The phylogenetic analyses of the COI gene and the concatenated dataset (COI + ITS2) were conducted. The best-fit nucleotide substitution model of each gene fragment for phylogenetic analysis was determined using JModelTest v2.1.1043. Phylogenetic trees were reconstructed under maximum likelihood (ML) through the online portal CIPRES Science Gateway44 as implemented in RaxML-HPC2 on XSEDE45, with 1,000 bootstrapping replicates and default parameter settings. The ML tree based on the RaxML program was constructed under the GTR + CAT model for the best-fit nucleotide substitution. The resulting tree was plotted using FigTree v.1.4.4 (http://tree.bio.ed.ac.uk/software/figtree) and the tree diagram was created in Adobe Photoshop 2020. The ML analysis of the concatenated data (COI and ITS2) was done after partitioning the concatenated data with Kakusan446. For the haplotype analysis, the NEXUS format was created by DnaSP v.647 and the haplotype networks were constructed in PopArt48 using the TCS method49. Genetic divergences were examined using uncorrected p-distance as implemented in MEGA X with a bootstrap re-analysis of 1,000 pseudoreplicates.

Mitochondrial and multi-locus species delimitation analyses

Molecular species delimitation using the COI sequences was performed using the ABGD20, ASAP21, bPTP22 and GMYC23 methods. The ABGD is a simple method to split a sequence alignment data set into candidate species. We used the ABGD online server with default settings, to divide the specimens into clusters (http://wwwabi.snv.jussieu.fr/public/abgd). The ASAP analysis21 was implemented in an online web server (https://bioinfo.mnhn.fr/abi/public/asap/) under Kimura (K80) model. The lowest score was considered50. The bPTP analysis was carried out using an online web server (https://species.h-its.org/) with 100,000 MCMC generations. The GMYC method is a likelihood method for delimiting species by fitting within- and between-species branching models to reconstruct gene trees. The initial Bayesian tree was constructed in the BEAST v1.10.4 package51,52. All parameter settings were configured in BEAUTi v1.8.4, while Tracer v1.6 was used to check the estimate sample size (ESS) values and run the trace file. Using the ultrametric tree produced by BEAST, the GMYC analysis was performed in the R package splits.

Multi-locus species delimitation was performed using BPP v.3.328,29 on the COI and ITS2 datasets used in the ML analysis.
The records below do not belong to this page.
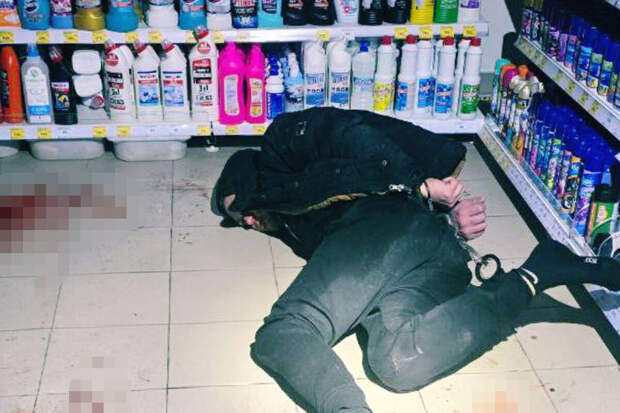 Оставляя следы крови, он проник внутрь и укрылся в отделе бытовой химии. На кадрах с места происшествия видно, что он залил весь пол кровью.Прибывшие на место правоохранители обнаружили злоумышленника на полу - при задержании он пытался нападать на полицейских, угрожал им. Иногда он впадал в состояние просветления и не понимал, где находится.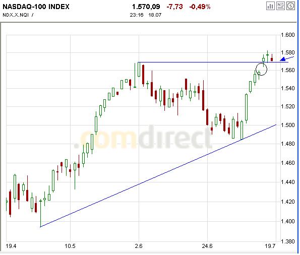 Im Blick steht am Vormittag der ZEW-Index für Juli, Volkswirte rechnen mit einem Anstieg des Index auf 22,0 nach zuvor 19,5 Punkten. Im weiteren Tagesverlauf könnte eine Reihe von amerikanischen Unternehmenszahlen Aufmerksamkeit auf sich ziehen, unter anderem legen Johnson & Johnson, Ford, Yahoo!, Intel und Motorola Quartalsergebnisse vor.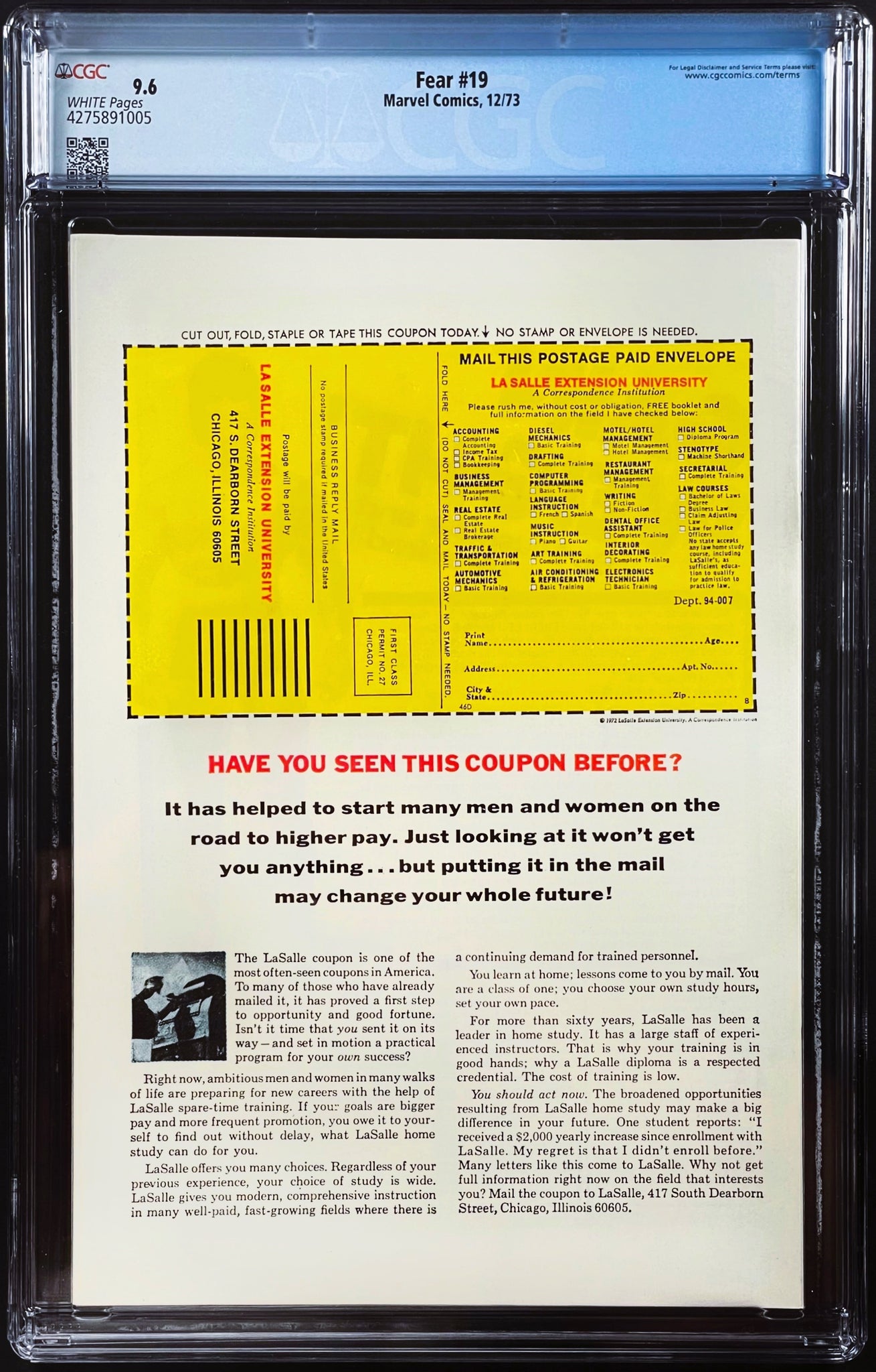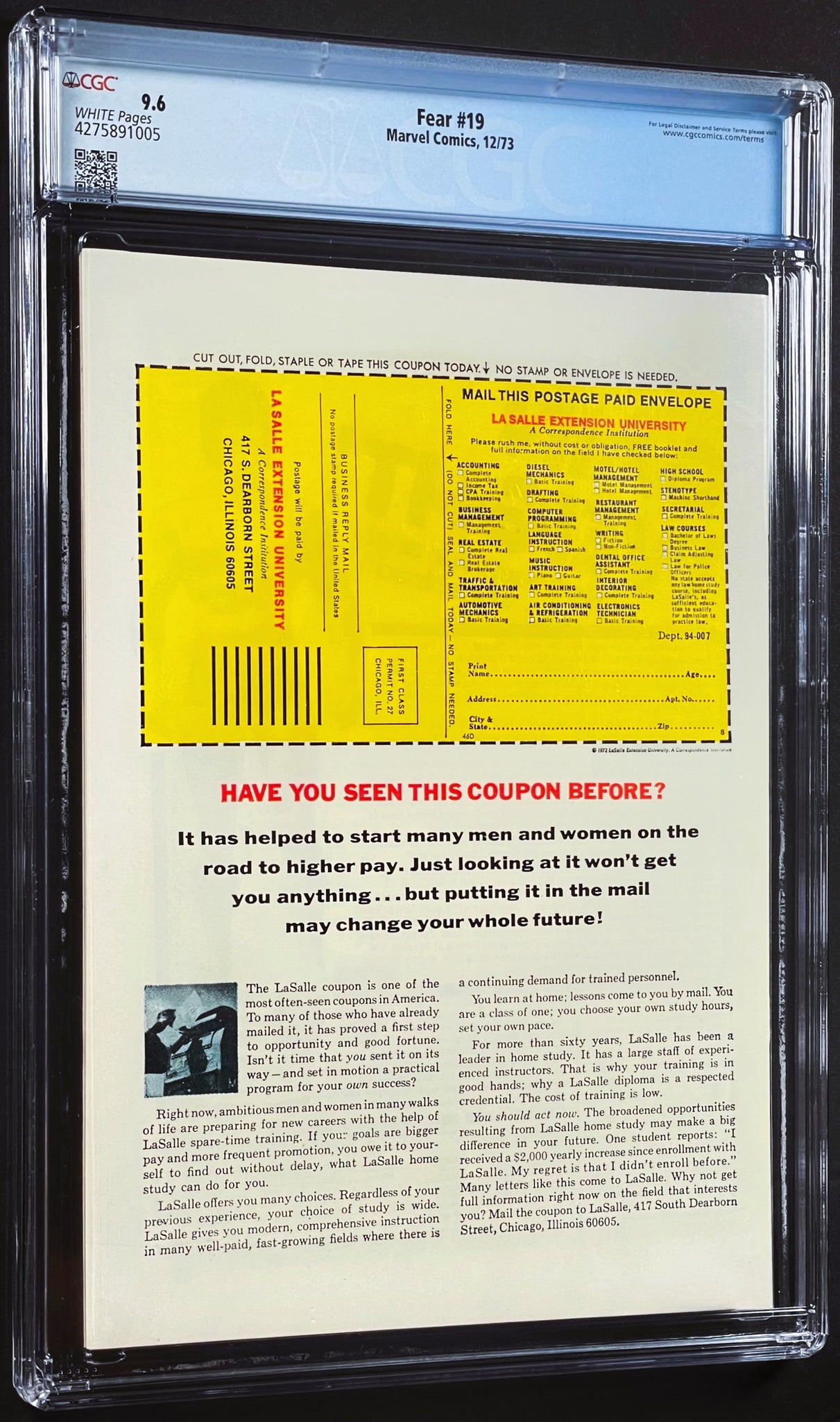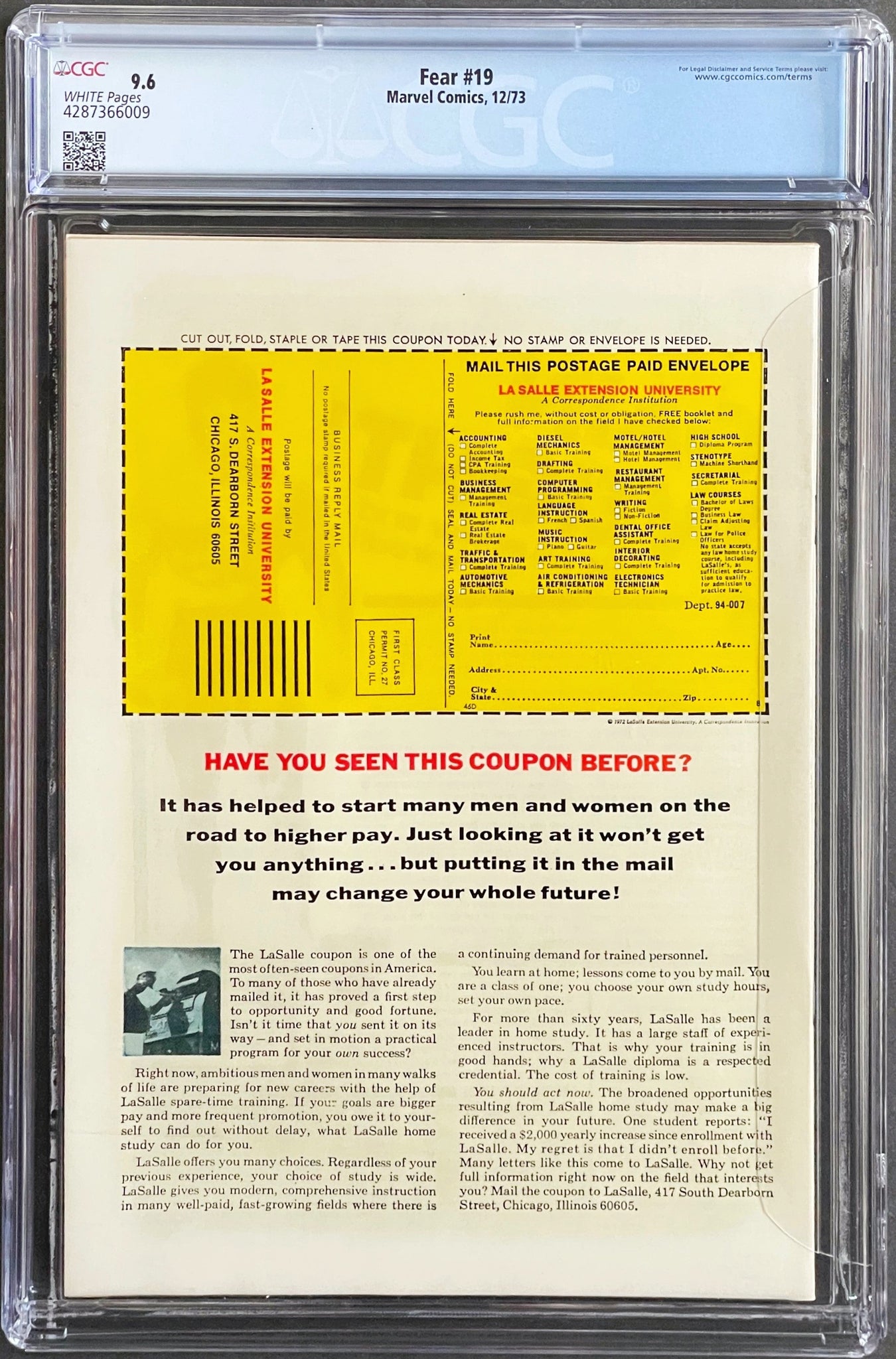 Adventure Into Fear #19 CGC 9.6 White 1st Appearance Howard the Duck 1973 Marvel Comics

The molecular operational taxonomic units (MOTUs) obtained from the GMYC analysis was used as the input as this analysis yielded the highest number of MOTUs, except for one MOTU for which no ITS2 sequence was available and so this MOTU was omitted from the analysis. The joint Bayesian species delimitations and species tree estimations28,53,54 were used, and three analyses (A-C) with different population size (estimated by θ) and divergence time (τ0) priors were performed, using the same settings and priors as in Martinsson and Erséus (2018)55 and Martinsson et al., (2020)32 (A: θ = 2, 400, τ0 = 2, 200; B: θ = 2, 1000, τ0 = 2, 200; C: θ = 2, 2000, τ0 = 2, 200). Each analysis was run for 200,000 generations, discarding the first 4,000 as burn-in, and all analyses were performed three times to confirm consistency between runs. We considered the species delimited with a PP (posterior probability) > 0.95 in all analyses to be well supported.